None of this is a complaint (and I would rather have gigs that are very quiet on stage than the all too common ones which are very loud and involve a juggling act of using earplugs and then sometimes having to get myself turned up even louder in monitors so I can hear myself clearly afterwards!) – but it was an unusual experience and a learning one.

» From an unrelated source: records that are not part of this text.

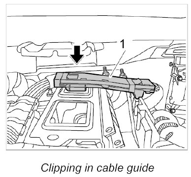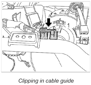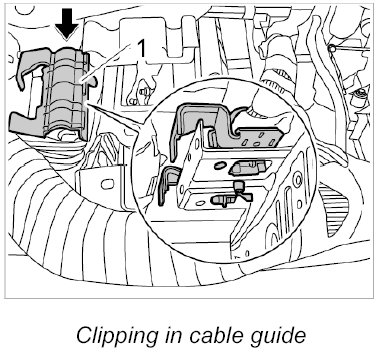 5. Clip in cable guide -1- at the right of the dashboard support.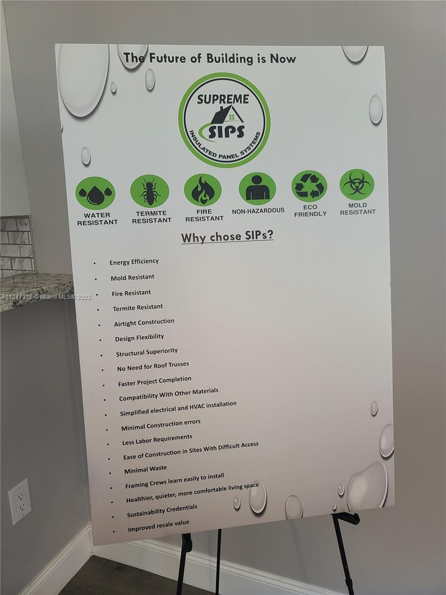 Make this never lived in home yours! Brand new green construction home utilizing SIPs (structural insulated panels) - hurricane resistant to Cat 5 (230mph), fire resistant, termite resistant, mold/mildew resistant and energy efficient (more info is available on this, ask your agent for the info from listing Broker). Raised elevation so no need to worry about ever flooding. Large fenced yard with double gate for ease in getting your 'toys' parked in the back. Impact windows & doors. Vaulted ceilings welcome you in to this spacious inviting open concept home. Ideal convenient location-you can be to Ft Laud, Miami, the beach in minutes. You'll enjoy peace of mind, energy savings when you move in and make this your home! No more worries about storms, termites, mold, fires, high FPL bills.
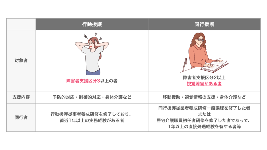 行動援護は「障害者支援区分3以上の者」であるのに対して、同行援護は「視覚障害者」を対象にしています。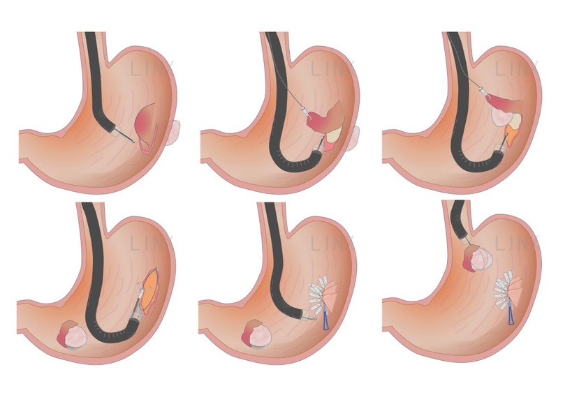图2 内镜下切除胃黏膜下肿瘤(感谢:林新林绘制插图)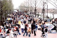 温暖化の影響で例年であればチューリップが開花する頃なのですが、今年の春先は天候不順で、ちょうどソメイヨシノが散り始める花吹雪の中で、各協賛者は、さまざまな趣向をこらしてイベントを盛り上げました。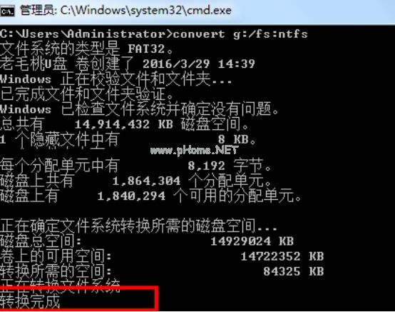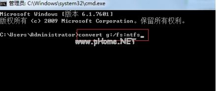 3、在彈出的命令提示窗口中輸入’convert g:/fs:ntfs’并回車確定。(g:/代表U盤所在盤符)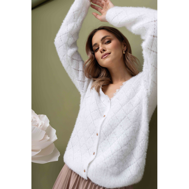 Biały, rozpinany sweter damski z ażurowym wzorem i ozdobną koronką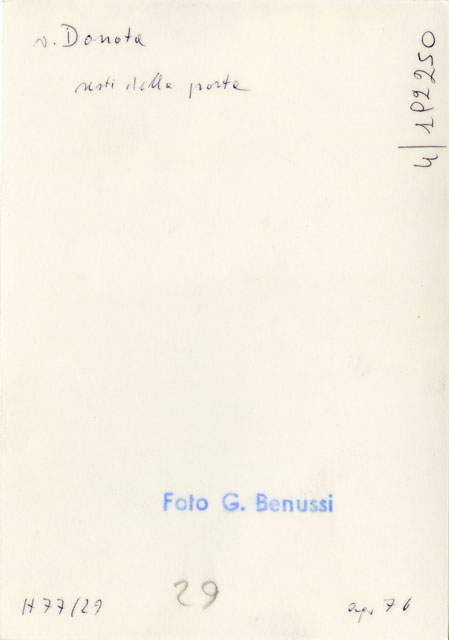 Resti della porta medievale di via Donota. La porta, che si trovava in linea retta sopra quella di Riborgo, con la quale formava il complesso fortificato di Donota-Riborgo, rappresentava uno dei principali accessi alla città e conduceva direttamente al colle di San Giusto.Nel medioevo la porta era sormontata da una torre merlata a pianta quadrata datata nel Trecento, era munita di un ponte levatoio e di un fossato riempito d'acqua che si estendeva lungo quasi tutto il perimetro di difesa.In seguito allo sviluppo urbano ottocentesco l'area antistante alla torre è stata circondata da diversi edifici, diventando l'attuale piazza Donota.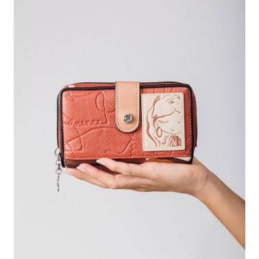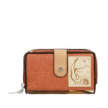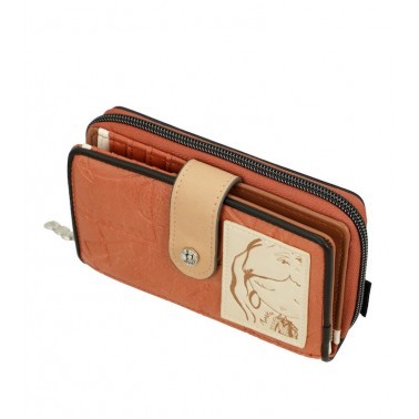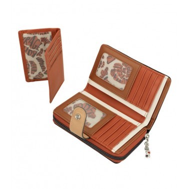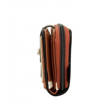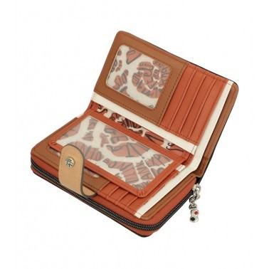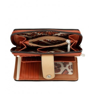 Este billetero mediano cuenta con dos compartimentos: el trasero, con cierre de lengüeta, que cuenta con múltiples espacios para tarjetas y billetes: y el superior, con cierre de cremallera, que cuenta en su interior con espacio para monedas. Todo el interior está forrado.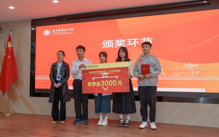 (海南職業(yè)技術(shù)學(xué)院代校長(zhǎng)黃銀珍為優(yōu)秀學(xué)員頒發(fā)獎(jiǎng)學(xué)金  經(jīng)濟(jì)管理學(xué)院供圖)

The second set, terminating with countdown and ‘Auld Lang Syne’, was somewhat a return to business as usual, at least concerning slightly more evident and sustained audience engagement (arguably background music doesn’t really have an audience unless you’re doing it wrong, although there are usually some people who would otherwise be staring into space and so are giving the music most of their attention) – the volume didn’t go up except in the monitor! We were sorry not to find time for a response to the request (inspired by Stevie’s sax playing) for some Latin jazz, but I was intrigued by one gentleman commenting on our having slanted the set towards 60s pop and inquiring whether that had been a decision based on demographic. We responded perfectly honestly that we hadn’t planned for a demographic, had simply turned up with a fairly well-distributed core set list and followed what got a good response! Largely proof of the enduring status of 60s guitar groups as common cultural currency …

January is usually a very quiet time for professional musicians, and I’m no real exception. However, Kindred Spirit (all five of us) and the Mill are hoping that four weeks will be long enough for any resolutions about spending more time at the gym / with the kids and less in the pub / at gigs to be quietly abandoned by the people of Plumstead and wider south-east London, as 28 January sees my first gig to take place entirely in 2017. Kindred Spirit already have one gig in the diary for February too.

The Filthy Spectacula won’t be out in public in January, but we will be busy trying out new songs and getting ourselves together for no less than three gigs next month (one of them a semi-private event doubling as a live video shoot), plus making our first 360 video. And the work of musically building up the Downtown Funk goes on, with booking enquiries already in discussion.

I nearly called this post (in tribute to ‘Steampunk Revolution’) ‘Out with the old, in with the old’, but actually I get the feeling 2017 is going to be anything but business as usual for me. The times they are still a-changing.